Anaïs Castro
Jinny Yu’s artistic development has been following the trajectory of a very personal exploration. Born in South Korea and raised in Canada, Yu treats the act of painting as a means to understand her position in the world. Her research began by examining what it means to be split between two worlds: the East and the West – unable to call one place ‘home’. From this exploration were born bodies of work such as Me(n)tal Perspectives (2004-2005) and Story of a Global Nomad (2007-2008). Yu has lived in numerous cities across the globe, settling temporarily in New York, Seoul, Montreal, Berlin, and Venice among others. She came to recognize that there are multitudes of Easts and Wests. This led to a new understanding of painting as expending beyond the pictorial surface which translated in her practice by a gradual detachment from the two-dimension scope and an involvement with the complexities of tridimensionality.
Over the course of the last decade, her work has responded actively to spatial concerns – how to inhabit both the physical space and the representational plane. Using reflective surfaces that she bends, crumples and paints, she lets the changing conditions of the exhibition space take central stage. But the work is still about her: she sees her own reflection as she manipulates the reflecting material but chooses to leave her image wavering, unsettled. She testifies to the fragility of existence – as evoked by the precarious coupling of sprayed Korean ink on aluminum in Black Matter. The works in About Painting (2010) and Non-Painting Painting (2012) are self-portraits not despite but because they are an existential study of spatial dynamics – of how one is affected as much as how one affects their surroundings.

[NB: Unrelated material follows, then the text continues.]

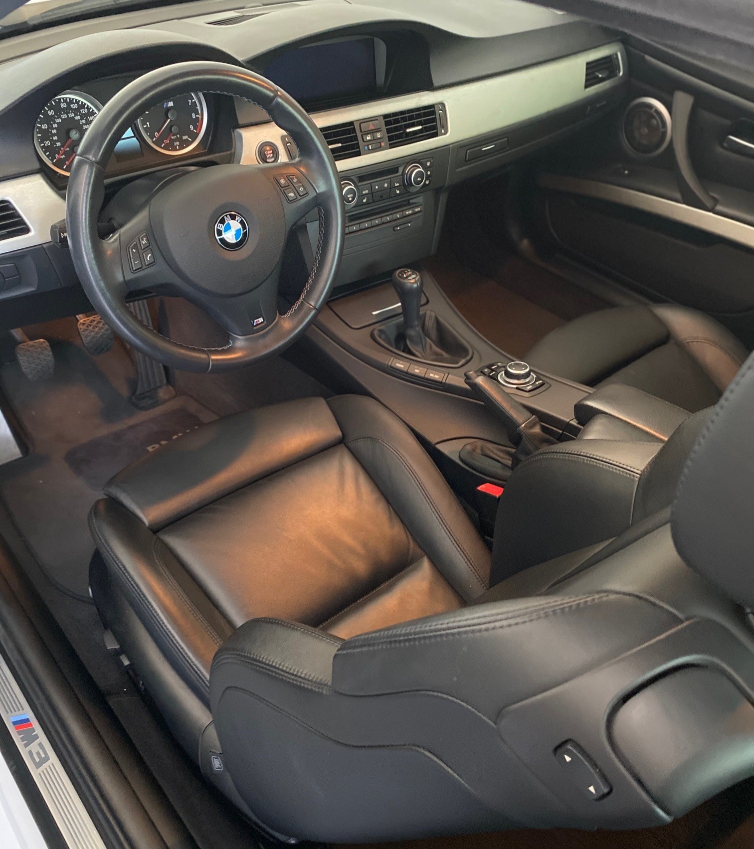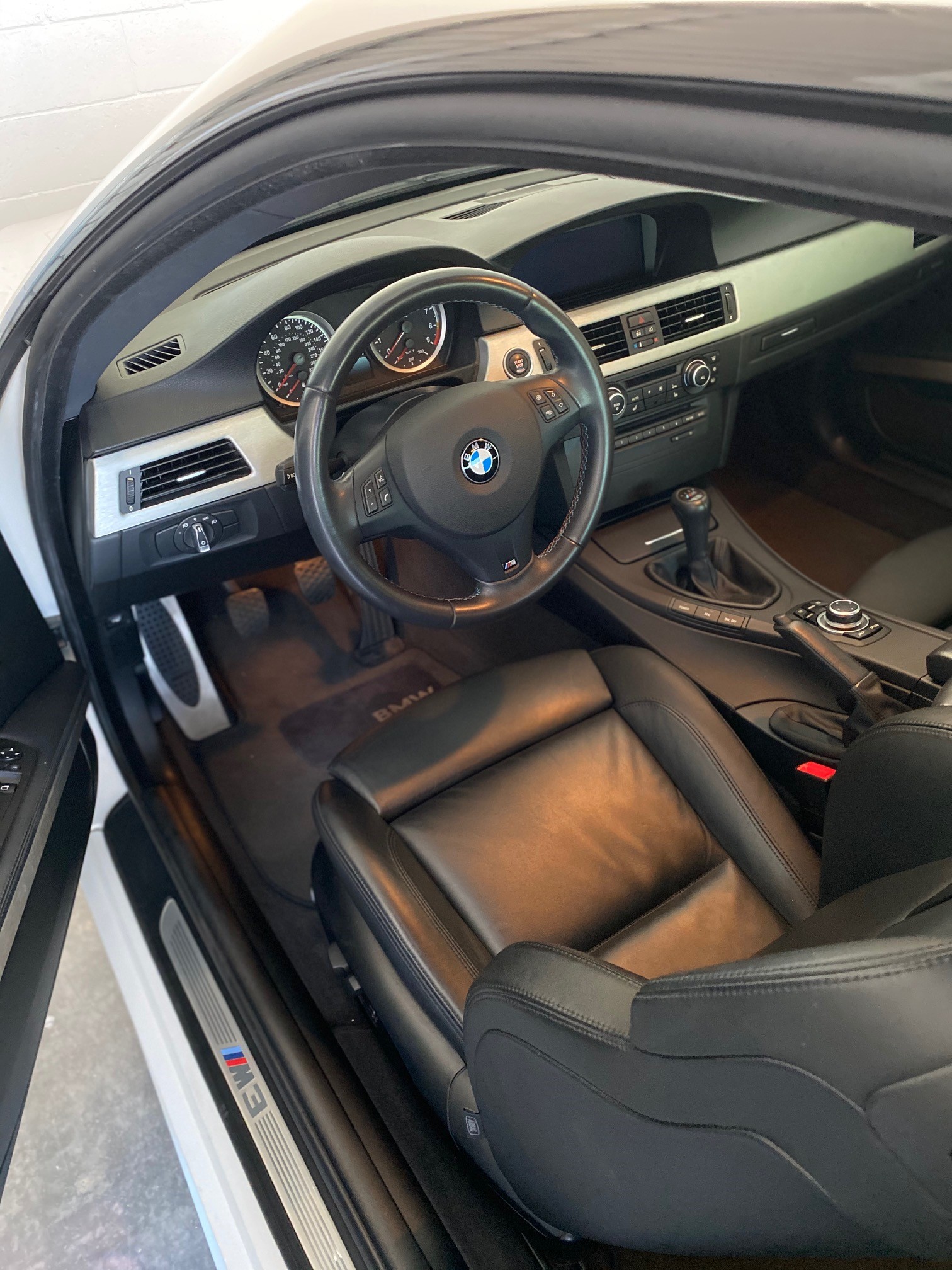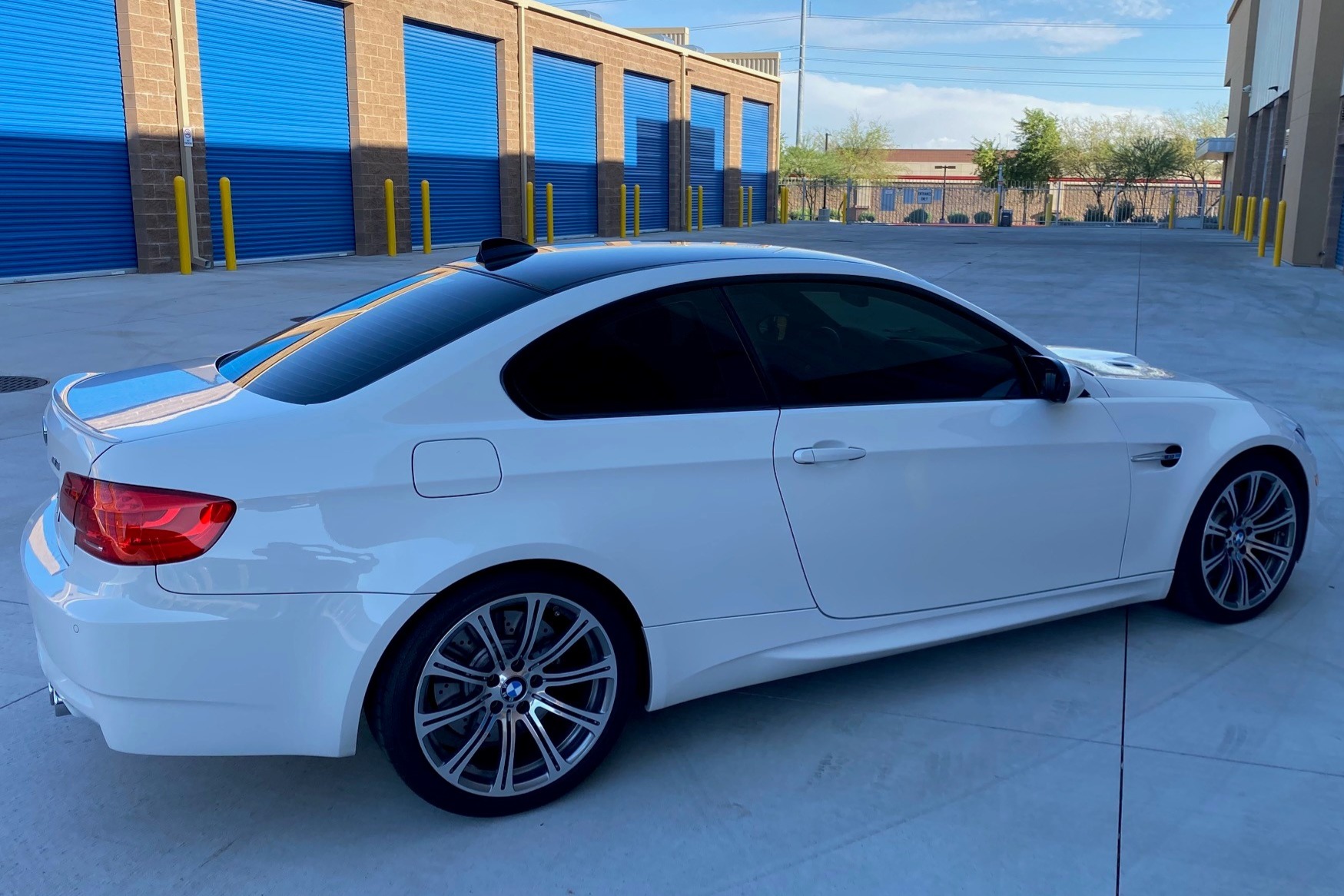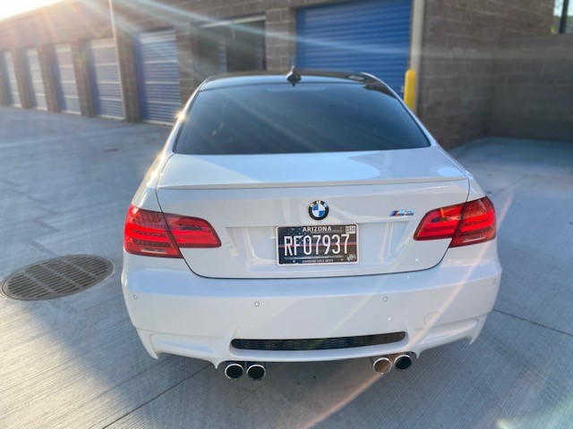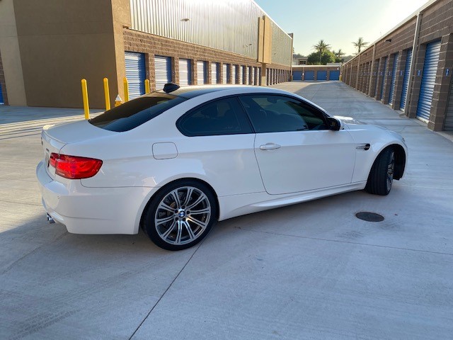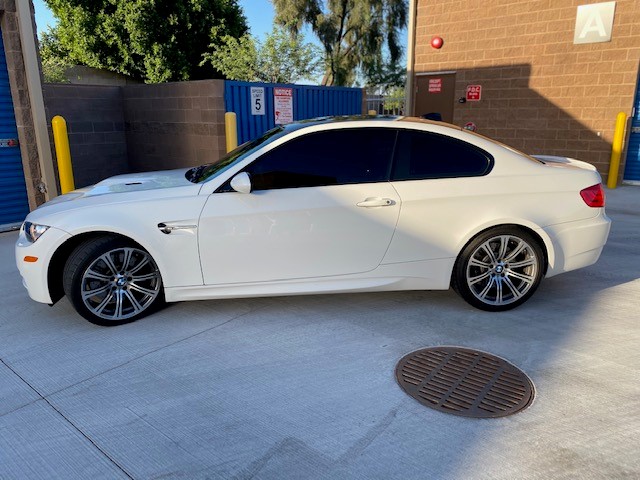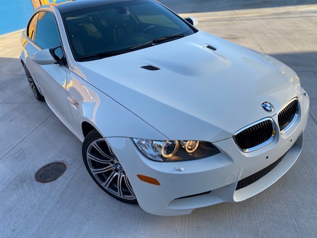 This 2011 BMW M3 coupe is finished in Alpine White over black extended Novillo leather, and it is powered by a 4.0-liter S65 V8 paired with a six-speed manual transmission and a limited-slip rear differential. Equipment includes 19” Style 220 wheels, adaptive xenon headlights, Park Distance Control, heated front seats, navigation, and Comfort Access. The car was first registered in New Jersey and was acquired six years ago by the seller, who added over 6k of the 16k miles it now has. Service in May 2020 included a brake fluid flush and replacement of the battery and cabin air filter. This E92 M3 is now offered with service records, factory literature, a BMW-branded sun shade, a clean Carfax report, and a clean Arizona title in the seller’s name. The car is finished in Alpine White III (300) with high-gloss Shadowline window trim. Equipment includes adaptive xenon headlights, Park Distance Control, tinted windows, and a carbon-fiber roof panel. The provided Carfax report shows no history of accidents or other damage. Factory 19” Style 220 wheels are mounted with Continental ContiSportContact tires measuring 245/35 up front and 265/35 out back. Cross-drilled and vented disc brakes are equipped all around, and the brake fluid was flushed in May 2020. The interior features black Novillo leather covering the seating surfaces and door panels, as well as Brushed Aluminum Shadow trim accenting the dashboard and doors. Amenities include heated and power-adjustable front seats, iDrive with navigation, cruise control, Comfort Access, and dual-zone climate control. The seller notes M3-logo puddle lights were added to the doors. Instrumentation includes a 200-mph speedometer and a 9k-rpm tachometer, along with gauges for oil temperature and fuel level. The digital odometer shows 16k miles, approximately 6,500 of which were added by the seller over the past six years. The 4.0-liter S65 V8 was rated at 414 horsepower and 295 lb-ft of torque when new, which is sent to rear wheels through a six-speed manual gearbox and a Variable M Differential lock. A May 2020 service by BMW North Scottsdale, Arizona included replacement of the battery and the cabin air filter. The June 2020 Carfax report lists no accidents and shows registration history in New Jersey, Florida, and Arizona through its most recent entry in March 2019.

Home has always been an abstract concept without a definite geography for the artist. Rather, it has found meaning in a series of gestures. Painting has been the instrument of this research. In the last three years, Jinny Yu’s perspective on her own nomadism has shifted. In 2015, she produced a significant piece, Don’t They Ever Stop Migrating? (2015) which led her to the realization that ‘feeling foreign everywhere’ is a positive posture in the world, particularly at a time of surging nationalism and anti-immigration movements. Feeling foreign enlarges her circle of otherness, increases the opportunities for compassion and allows a wider range of perspectives to coexist in her universe. And as issues surrounding migration are expected to rise in upcoming years, her outlook not only responds with relevance to the present and future contexts, but finds a critical urgency.